ASA accused of “sinister threat to freedom of expression”

The National Secular Society (NSS) has accused the advertising watchdog of “reintroducing the blasphemy law” following its decision to ban the Antonio Federici ice cream advert showing two priests about to kiss.

The secularists are calling on communications minister Ed Vaizey to investigate the Advertising Standards Authority’s decision to ban the ad which shows two men dressed as priests about to kiss with the strapline: “We Believe in Salvation”.

In a letter to Vaizey The National Secular Society says that banning the “mildly humorous and satirical” ads “represents something much more sinister”.

It goes on to say: “We have now reached the stage where any reference to religion that is not completely reverential is immediately branded as “offensive” and therefore unacceptable. This is an intolerable threat to freedom of expression that must be challenged.

The organisation adds that banning the campaign for being offensive to Catholics on the basis of six complaints equates to reintroducing the blasphemy law in Britain.
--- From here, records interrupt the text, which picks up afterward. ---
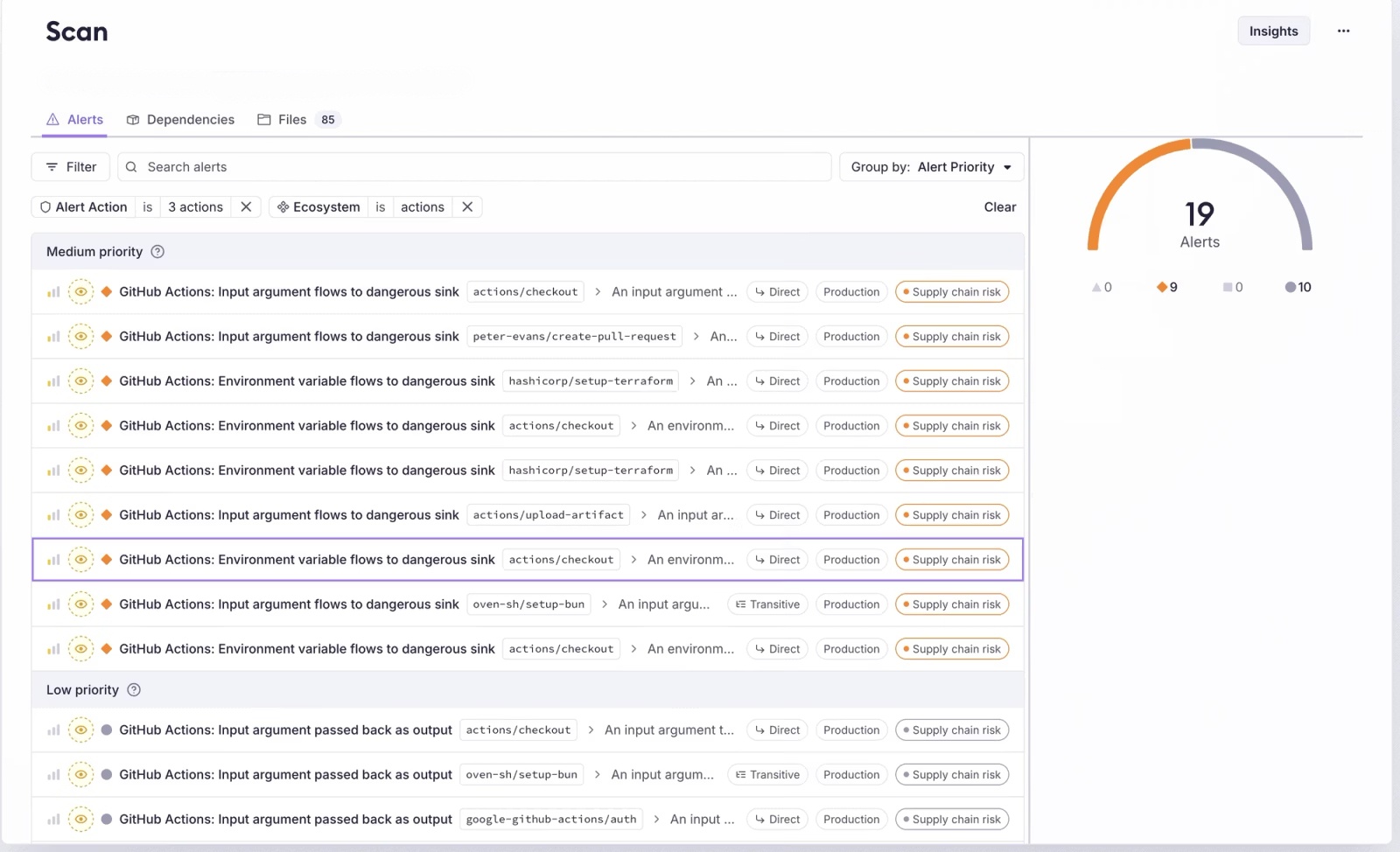 Beyond standard scanning, Socket now surfaces a new class of custom GitHub Actions alerts powered by Argus, an open-source taint-tracking engine, developed by North Carolina State University and Purdue University for detecting unsafe data flows. Socket uses Argus to analyze how data moves through Actions, identifying cases where untrusted inputs, workflow context, or parameters reach sensitive sinks such as environment variables, shell commands, or outputs.
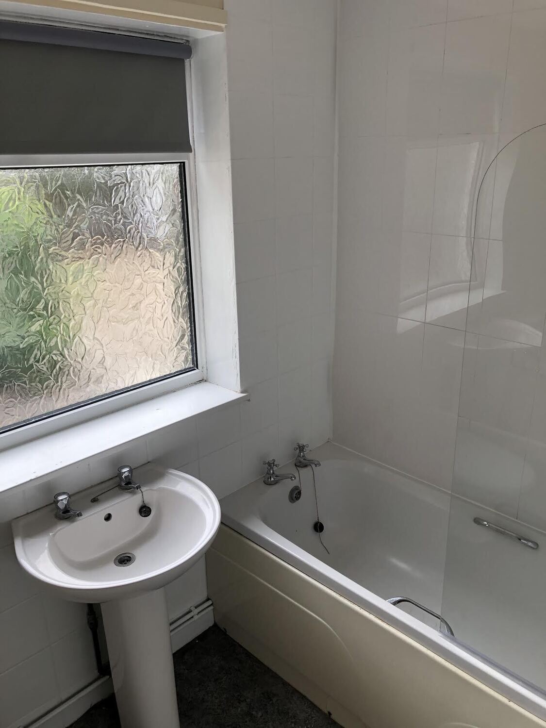 Bathroom consisting of toilet, pedestal sink and bath with glass screen and shower over bath, tiled and recently decorated.
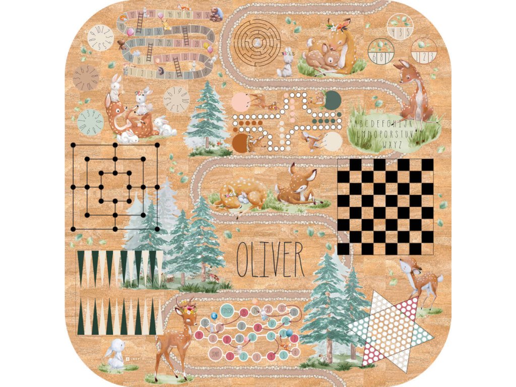 Hravý a praktický koberec plný her je designovým doplňkem do dětského pokoje. Obzvláště oblíbený bude u milovníků kolekce Forest – Lesní svět.
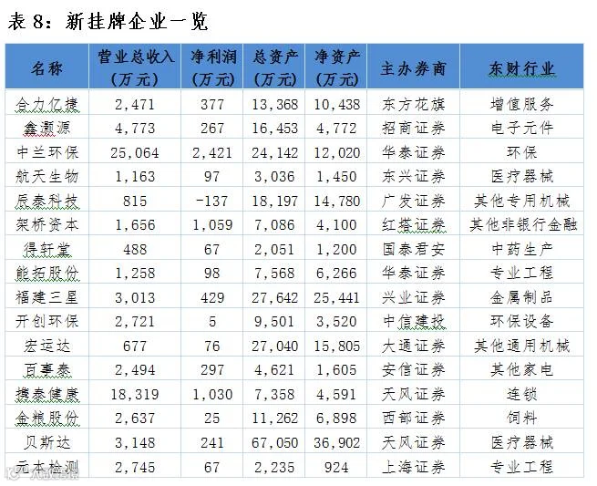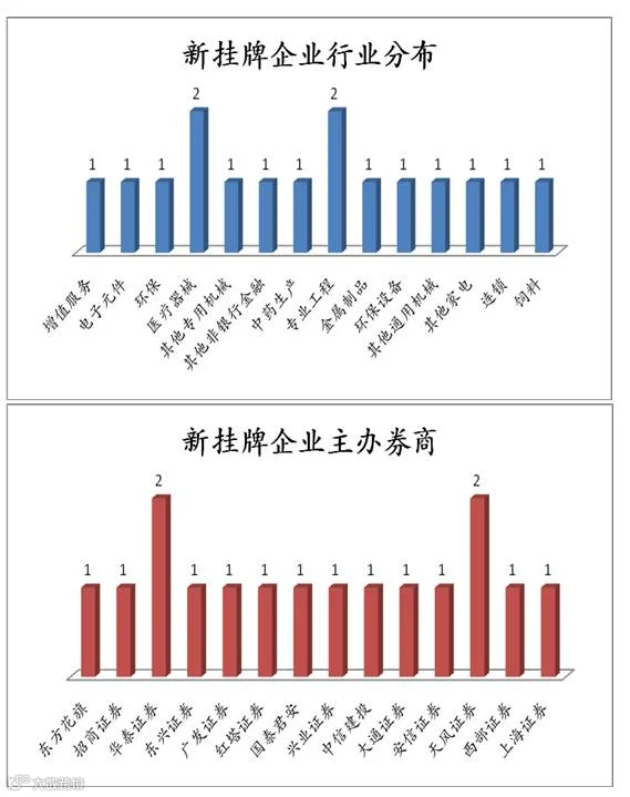 点评:当日新增16家公司,其中合力亿捷为新股首发做市公司。新挂牌企业行业中,其他医疗企业和专业工程行业占比较大。主办券商方面华泰证券与天风证券占比较大。
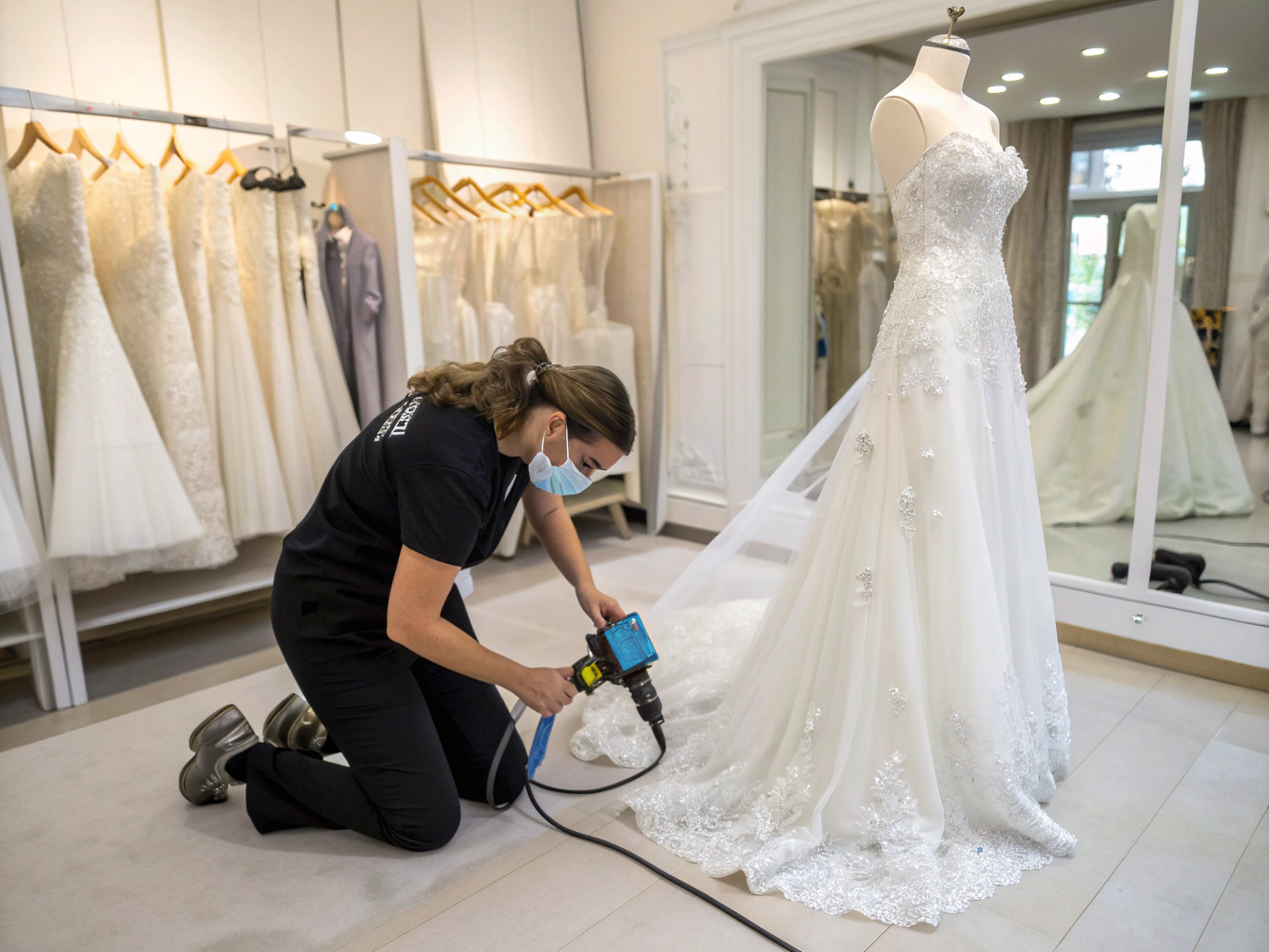 While technically possible, I strongly advise against it. Wedding dress cleaning requires specialized expertise that general cleaners typically lack. The risk of damage to delicate fabrics, loose beading, or improper stain treatment isn’t worth the potential savings.
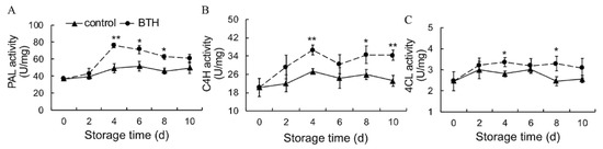 Effect of BTH treatment on activities of PAL (A), C4H (B) and 4CL (C) in pitaya fruit during storage. PAL, phenylalanine ammonia-lyase; C4H, cinnamate-4-hydroxylase; 4CL, 4-coumarate/coenzyme A ligase. Asterisks indicate the significant differences between the two groups (Student’s t test, * p < 0.05; ** p < 0.01).
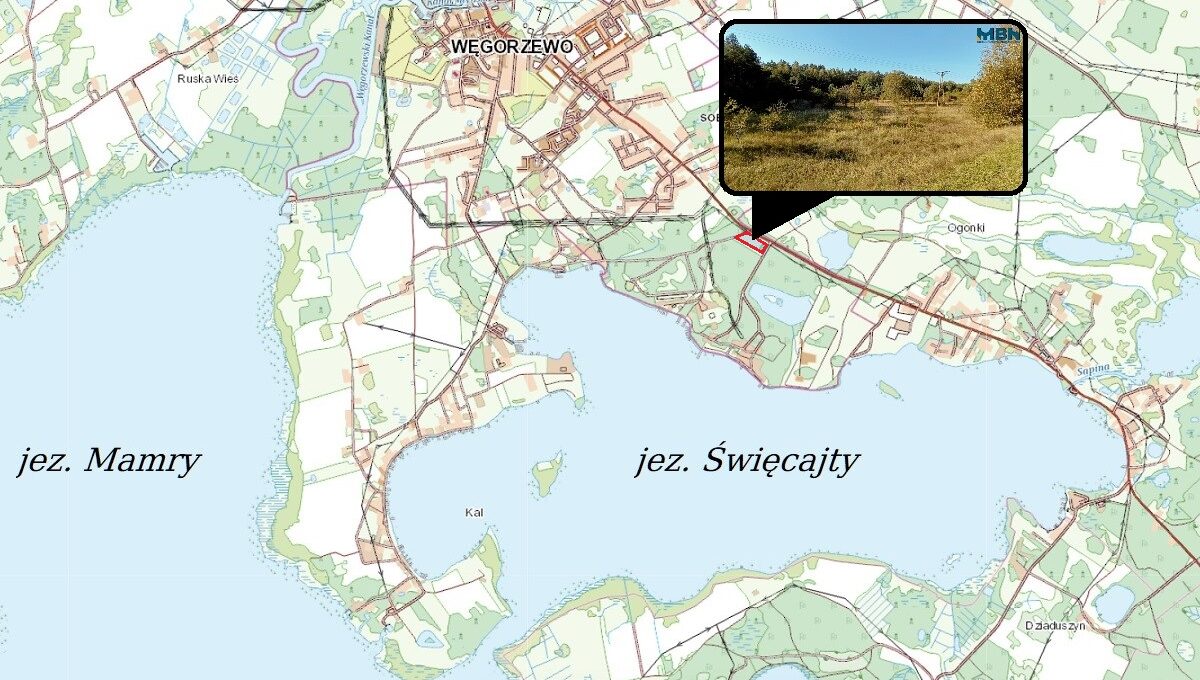 Działka przeznaczona pod zajazd z parkingiem lub stację paliw, myjnię. Nieruchomość zlokalizowana przy głównej drodze do Giżycko – Węgorzewo tzn. przy drodze krajowej 63.
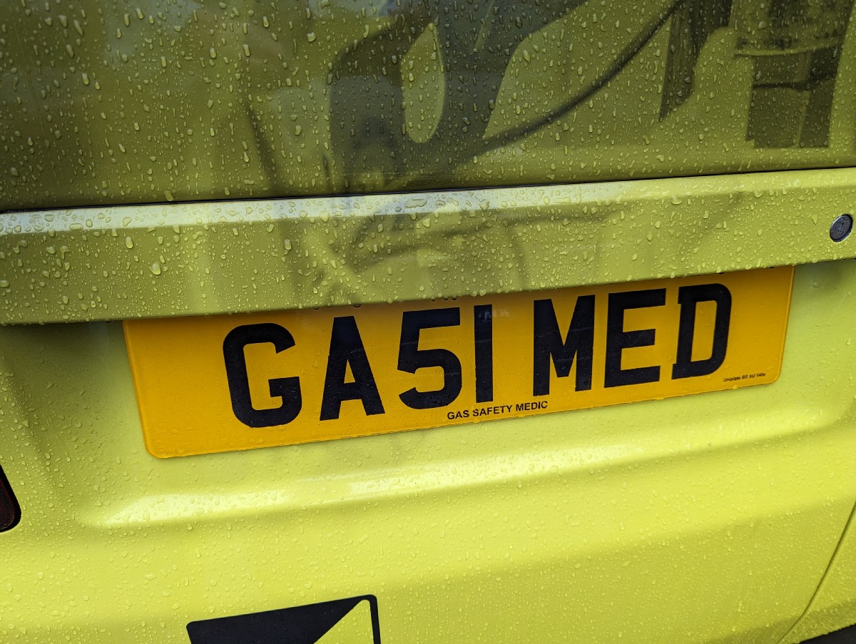08:13:29 The boiler engineer's numberplate. | 10:18:55 Only two hours into the work and already the old one is out and the new one is in. | 16:59:10 All finished now. | 17:32:11 To celebrate the new boiler I went to sit in the cold and rain on the heath. |
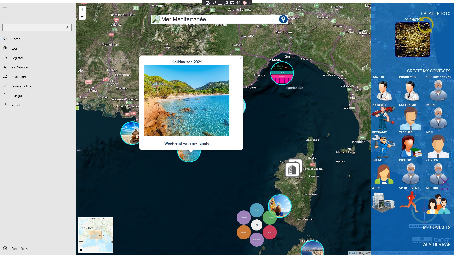 Create photo tiles in the world mapManage your photo librariesCreate contact tiles in the world mapDisplay weather mapDisplay market tiles around you
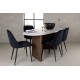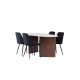 Spisebordssæt Gronvik med stole Night løfter din indretning med sit skandinaviske design og exceptionelle håndværk. Dette Spisebordssæt er det, du har drømt om, og det vil hurtigt blive midtpunktet i dit hjem! Vores ovale spisebord Gronvik har en uregelmæssig bordplade i lysegrå MDF med betonlook, som tilføjer en unik touch til din indretning. De tynde mørkebrune træpaneler, der støtter bordet, giver et elegant og stabilt præg. Med dette bord skaber du hurtigt et miljø, der udstråler stil og charme. Dimensioner: 180x75 cm. Her har vi kombineret spisebordet med sorte spisestole fra Night-serien. Med deres fuldt polstrede sæder i sort fløjlstof og matchende sorte stoleben tilføjer Night en følelse af luksus og eksklusivitet til din stue. Hver måltid bliver en fejring! En vidunderlig kombination af stil og komfort, enkelt og ligetil. Gronvik og Night sammen skaber en indbydende og modebevidst atmosfære, der får dit hjem til at føles som et eksklusivt sted. Uanset om det er en festlig middag eller en hyggelig brunch, vil Gronvik og Night gøre dig stolt af dit valg af Spisebordssæt!
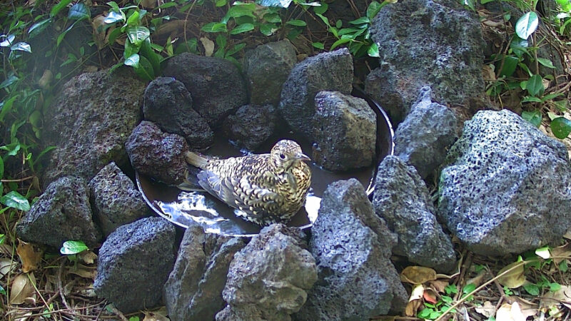 トラツグミはさらにレアです。しかし、トレイルカメラは何度か写しており、この水浴び場では希少種ではなくなりました。
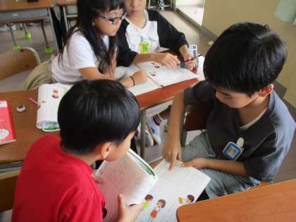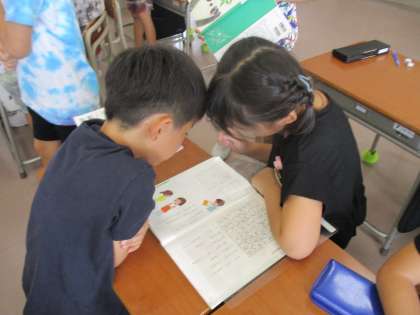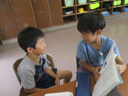 「どんな言葉がかくれているかな?」 今日は、自分でもつくってみました。友達と問題を出し合っています。
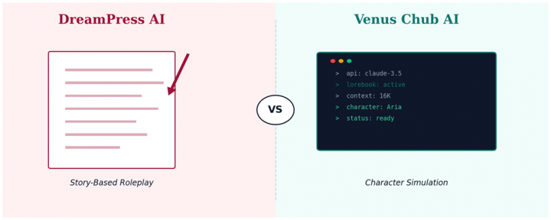 QUICK ANSWER · DreamPress AI vs Venus Chub AI DreamPress AI is an AI story generator built for long-form fiction across 35+ genres, drafting chapter-length output in under two minutes. Venus Chub AI is a character simulation platform where users connect their own LLM API and roleplay with 60,000+ community personas. For story-based roleplay and finished writing, DreamPress AI wins. For real-time character simulation with persistent memory, Venus Chub AI wins. |

Terry Sanderson, president of the National Secular Society, says: “The Advertising Standards Agency – which is elected by no-one and seems to be answerable to no-one – has reinstated the law unilaterally.”

“Anyone who has seen the Antonio Federici ads knows that they are mildly humorous, in no way threatening, abusive or insulting. It is entirely wrong that these advertisements have been banned by such an unaccountable body, which needs to be reined in.”

The ASA had no comment.

It is the third ad campaign from the ice cream company that has been banned by the ASA. The others showed a pregnant nun eating ice cream and a nun kissing a priest.